This paper introduces the Minimal Biorobotic Stealth Distance (MBSD), a novel quantitative metric to evaluate the bionic resemblance of biorobotic aircraft. Current technological limitations prevent dragonfly-inspired aircrafts from achieving optimal performance at biological scales. To address these challenges, we use the DDD-1 dragonfly-inspired aircraft, a hover-capable direct-drive aircraft, to explore the impact of the MBSD on aircraft design. Key contributions of this research include: (1) the establishment of the MBSD as a quantifiable and operable evaluation metric that influences aircraft design, integrating seamlessly with the overall design process and providing a new dimension for optimizing bionic aircraft, balancing mechanical attributes and bionic characteristics; (2) the creation and analysis of a typical aircraft in four directions: essential characteristics of the MBSD, its coupling relationship with existing performance metrics (Longest Hover Duration and Maximum Instantaneous Forward Flight Speed), multi-objective optimization, and application in a typical mission scenario; (3) the construction and validation of a full-system model for the direct-drive dragonfly-inspired aircraft, demonstrating the design model's effectiveness against existing aircraft data. Detailed calculations of the MBSD consider appearance similarity, dynamic similarity, and environmental similarity.
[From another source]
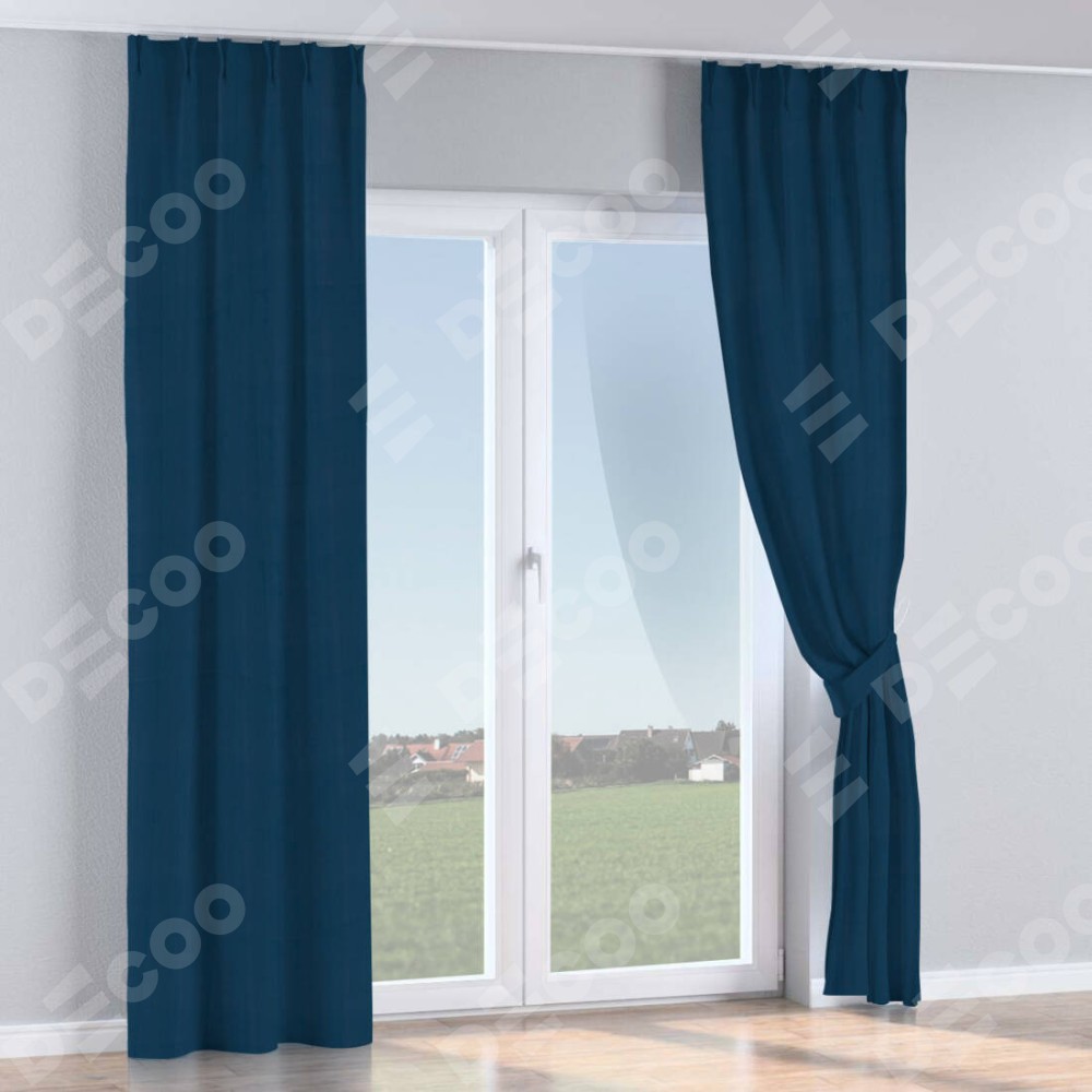 Комплект прямых штор, от производителя «Cortin», пошиты из ткани блэкаут однотонный синий, артикул ткани 29327. С изнаночной стороны в верхней части штор пристрачивается шторная лента с декоративными складками «Кустик». Для создания элегантных складок прямые шторы шьются по стандарту с коэффициентом 1:2 (на 100 см. ширины проёма 200 см. ширины ткани).

翻译：本文提出了最小仿生机器人隐身距离（MBSD），这是一种用于评估仿生机器人飞行器仿生相似度的新型定量指标。当前技术限制使得蜻蜓仿生飞行器难以在生物尺度上实现最佳性能。为应对这些挑战，我们采用DDD-1蜻蜓仿生飞行器（一种具备悬停能力的直驱飞行器）来探索MBSD对飞行器设计的影响。本研究的主要贡献包括：（1）建立MBSD作为可量化、可操作的评估指标，该指标影响飞行器设计，能无缝融入整体设计流程，并为优化仿生飞行器提供新维度，平衡机械属性与仿生特性；（2）从四个方向创建并分析典型飞行器：MBSD的基本特性、其与现有性能指标（最长悬停时间和最大瞬时前飞速度）的耦合关系、多目标优化，以及在典型任务场景中的应用；（3）构建并验证了直驱蜻蜓仿生飞行器的全系统模型，通过现有飞行器数据证明了设计模型的有效性。MBSD的详细计算综合考虑了外观相似性、动态相似性和环境相似性。